* Problem to solve: When you copy from the entries that follow, take only the lines from the one with "Anleitung                                Jedes" down to the one with "Characteristics of the", keeping both ends and dropping every picture.

____ Data

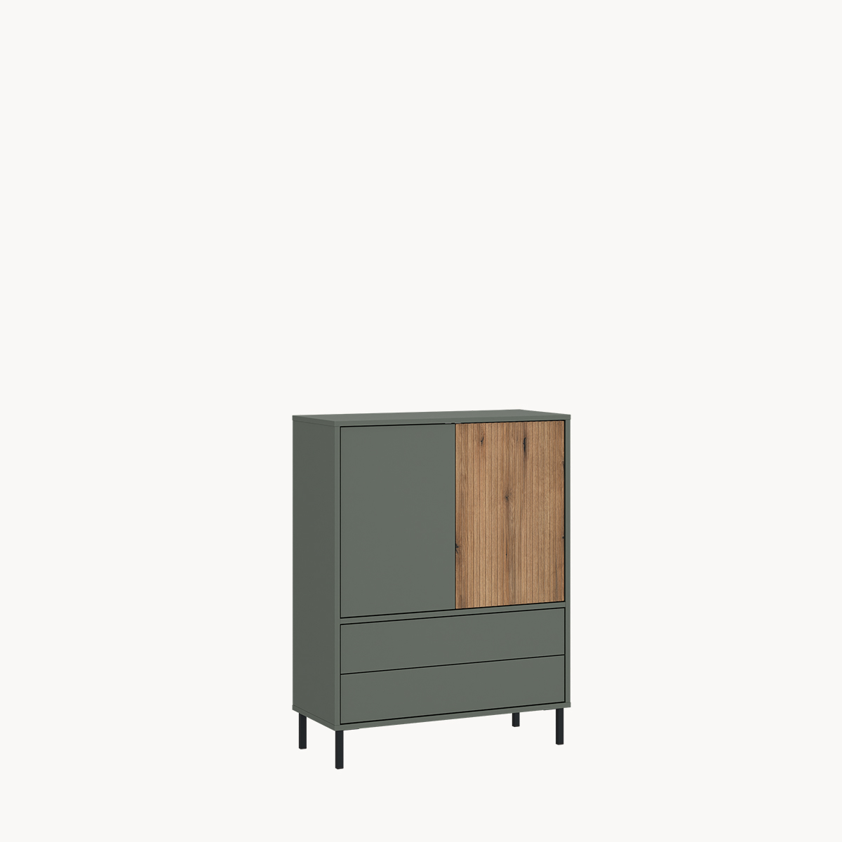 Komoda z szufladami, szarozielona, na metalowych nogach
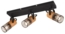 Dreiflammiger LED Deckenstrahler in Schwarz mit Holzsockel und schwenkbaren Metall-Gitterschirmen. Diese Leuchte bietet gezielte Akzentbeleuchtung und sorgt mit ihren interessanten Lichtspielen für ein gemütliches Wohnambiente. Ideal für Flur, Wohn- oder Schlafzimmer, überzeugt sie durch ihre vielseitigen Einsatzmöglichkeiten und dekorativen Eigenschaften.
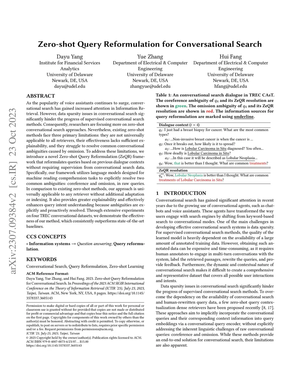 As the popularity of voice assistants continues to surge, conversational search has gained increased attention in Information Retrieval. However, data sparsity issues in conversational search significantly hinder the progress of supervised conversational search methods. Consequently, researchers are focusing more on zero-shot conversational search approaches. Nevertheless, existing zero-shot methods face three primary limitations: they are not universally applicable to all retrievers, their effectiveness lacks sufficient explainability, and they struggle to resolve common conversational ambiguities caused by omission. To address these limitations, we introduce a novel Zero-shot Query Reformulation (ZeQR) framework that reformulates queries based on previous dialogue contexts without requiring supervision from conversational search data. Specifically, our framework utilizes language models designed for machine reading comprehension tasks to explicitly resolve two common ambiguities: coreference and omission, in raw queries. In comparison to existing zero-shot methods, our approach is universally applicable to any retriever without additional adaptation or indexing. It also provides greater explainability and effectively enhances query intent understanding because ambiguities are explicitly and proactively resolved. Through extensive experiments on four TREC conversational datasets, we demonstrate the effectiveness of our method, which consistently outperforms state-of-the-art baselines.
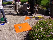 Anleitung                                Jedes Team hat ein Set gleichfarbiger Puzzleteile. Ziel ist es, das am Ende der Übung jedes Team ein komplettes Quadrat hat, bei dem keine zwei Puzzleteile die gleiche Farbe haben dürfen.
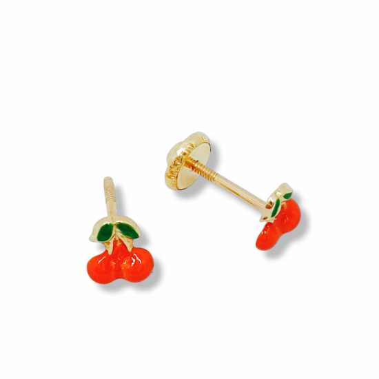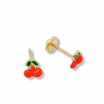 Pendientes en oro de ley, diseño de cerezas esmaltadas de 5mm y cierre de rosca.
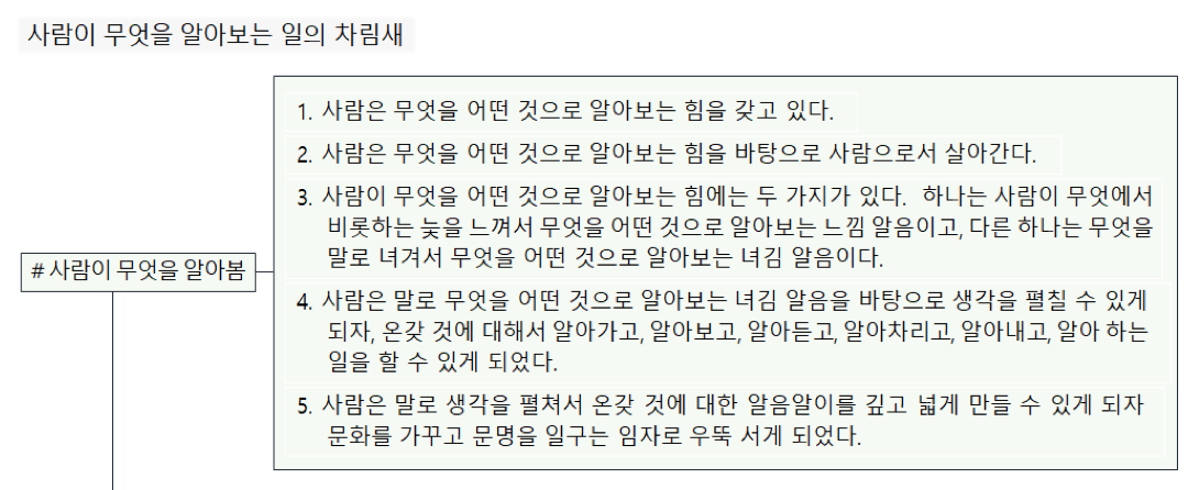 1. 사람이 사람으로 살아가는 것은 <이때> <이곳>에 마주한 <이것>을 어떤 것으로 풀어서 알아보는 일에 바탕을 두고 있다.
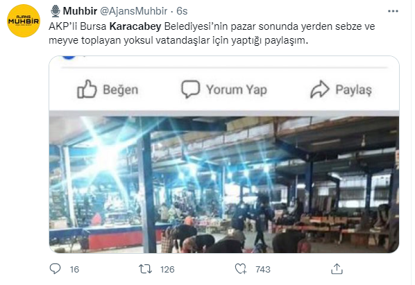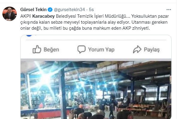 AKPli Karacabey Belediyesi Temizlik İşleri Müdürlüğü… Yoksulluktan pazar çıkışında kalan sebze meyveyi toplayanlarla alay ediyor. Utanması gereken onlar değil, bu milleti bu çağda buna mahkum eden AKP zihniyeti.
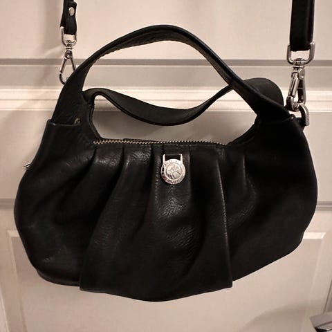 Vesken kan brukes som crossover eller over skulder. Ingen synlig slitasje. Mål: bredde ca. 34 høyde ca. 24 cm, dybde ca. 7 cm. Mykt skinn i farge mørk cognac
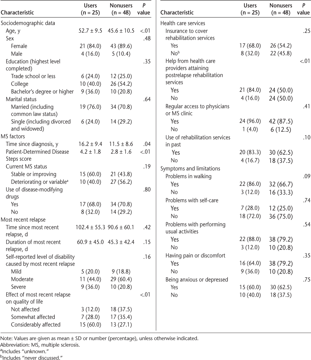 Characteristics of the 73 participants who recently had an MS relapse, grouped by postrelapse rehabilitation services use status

________
____ Data

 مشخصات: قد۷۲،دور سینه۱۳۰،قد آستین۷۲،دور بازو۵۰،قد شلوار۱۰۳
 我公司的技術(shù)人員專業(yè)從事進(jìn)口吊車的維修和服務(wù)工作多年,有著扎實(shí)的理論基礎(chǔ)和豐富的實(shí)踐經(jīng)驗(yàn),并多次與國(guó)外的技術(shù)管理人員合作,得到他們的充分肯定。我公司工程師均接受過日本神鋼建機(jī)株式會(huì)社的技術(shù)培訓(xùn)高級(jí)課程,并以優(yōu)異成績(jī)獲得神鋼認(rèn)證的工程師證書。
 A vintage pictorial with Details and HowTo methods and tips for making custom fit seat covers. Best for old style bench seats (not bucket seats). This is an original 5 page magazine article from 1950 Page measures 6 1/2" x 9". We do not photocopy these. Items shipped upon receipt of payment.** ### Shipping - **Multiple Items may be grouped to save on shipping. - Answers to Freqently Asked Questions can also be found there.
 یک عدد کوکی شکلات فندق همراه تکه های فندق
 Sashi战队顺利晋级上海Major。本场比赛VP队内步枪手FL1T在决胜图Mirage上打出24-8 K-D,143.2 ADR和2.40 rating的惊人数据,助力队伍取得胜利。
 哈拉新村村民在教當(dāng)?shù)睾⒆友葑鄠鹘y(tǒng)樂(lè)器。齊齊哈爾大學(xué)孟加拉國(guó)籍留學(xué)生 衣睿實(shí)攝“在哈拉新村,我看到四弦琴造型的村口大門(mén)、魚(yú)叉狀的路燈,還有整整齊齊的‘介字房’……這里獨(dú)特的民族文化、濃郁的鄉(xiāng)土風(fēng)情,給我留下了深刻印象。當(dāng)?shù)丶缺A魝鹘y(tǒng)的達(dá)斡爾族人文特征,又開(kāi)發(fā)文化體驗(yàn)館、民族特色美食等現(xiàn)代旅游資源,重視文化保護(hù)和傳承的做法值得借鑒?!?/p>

________

* Task output:
 Anleitung                                Jedes Team hat ein Set gleichfarbiger Puzzleteile. Ziel ist es, das am Ende der Übung jedes Team ein komplettes Quadrat hat, bei dem keine zwei Puzzleteile die gleiche Farbe haben dürfen.
 Pendientes en oro de ley, diseño de cerezas esmaltadas de 5mm y cierre de rosca.
 1. 사람이 사람으로 살아가는 것은 <이때> <이곳>에 마주한 <이것>을 어떤 것으로 풀어서 알아보는 일에 바탕을 두고 있다.
 AKPli Karacabey Belediyesi Temizlik İşleri Müdürlüğü… Yoksulluktan pazar çıkışında kalan sebze meyveyi toplayanlarla alay ediyor. Utanması gereken onlar değil, bu milleti bu çağda buna mahkum eden AKP zihniyeti.
 Vesken kan brukes som crossover eller over skulder. Ingen synlig slitasje. Mål: bredde ca. 34 høyde ca. 24 cm, dybde ca. 7 cm. Mykt skinn i farge mørk cognac
 Characteristics of the 73 participants who recently had an MS relapse, grouped by postrelapse rehabilitation services use status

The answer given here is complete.